Last, we recommend exploratory geochemical tools beyond stable oxygen isotopes. Although, De Deckker (2017) found no reliable environmental signal in Mg/Ca ratios from L. anatifera shells, drift pathways through upwelling zones should result in characteristically depleted ¹⁴C_shell due to the ocean reservoir effect. Distinctive ocean productivity patterns may also be recorded in carbon isotopes of amino acids incorporated into barnacle shells from the animal's diet (Ellis et al., 2014).

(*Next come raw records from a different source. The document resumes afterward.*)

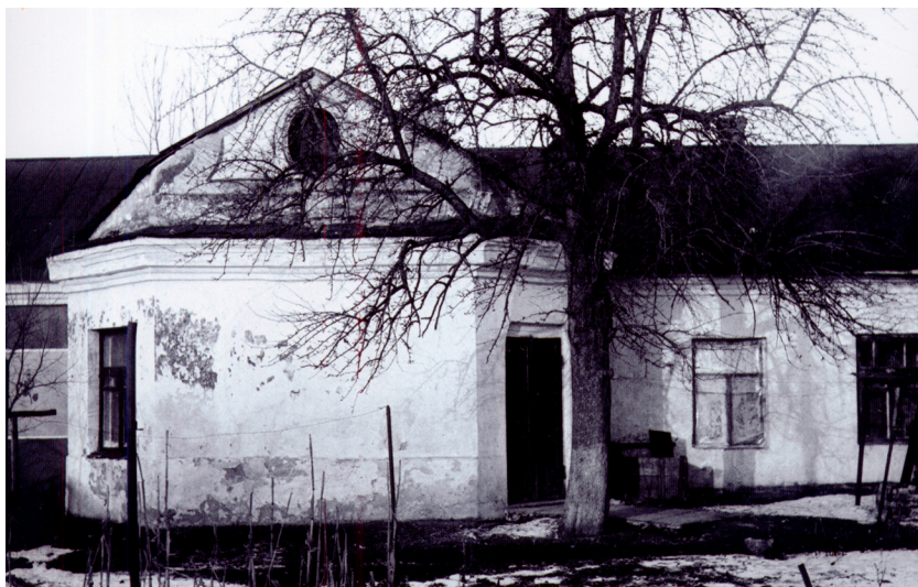
Іл. 4. Плебанія. Фото другої половини XX-го століття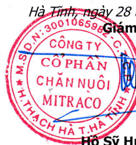
Hồ Sỹ Huy Thảo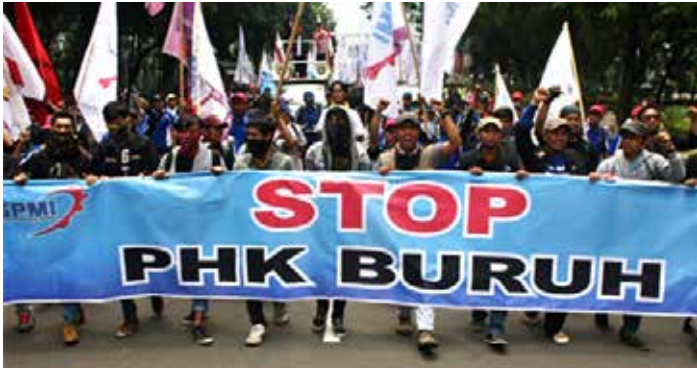
▲인도네시아금속노동조합 노동자들이 정리해고 반대 시위를 하고 있다. 2016.2

3.5 Applications Beyond the Search for Flight MH370

Our integrated methodology can, in theory, be used to source any drifting object in the ocean, including plastic pollution (Bosi et al., 2021; Lebreton et al., 2012) and human remains (Mateus et al., 2015), as stalked barnacles tend to colonize floating objects rapidly. Application to biological questions, such as tracking marine animal migrations (e.g., whales, sea turtles), is more complicated. Although large marine animals are often covered with barnacle epibionts, they usually swim rather than drift (Putman & Naro-Maciel, 2013). In such cases, our new δ¹⁸O-SST conversion equation could still be used to generate a SST history of the animal's route and constrain origins and pathways, but at low resolution (e.g., Detjen et al., 2015; Pearson et al., 2020; Taylor et al., 2019). Specific trajectories could not be modeled and compared for a swimming animal as we have done here.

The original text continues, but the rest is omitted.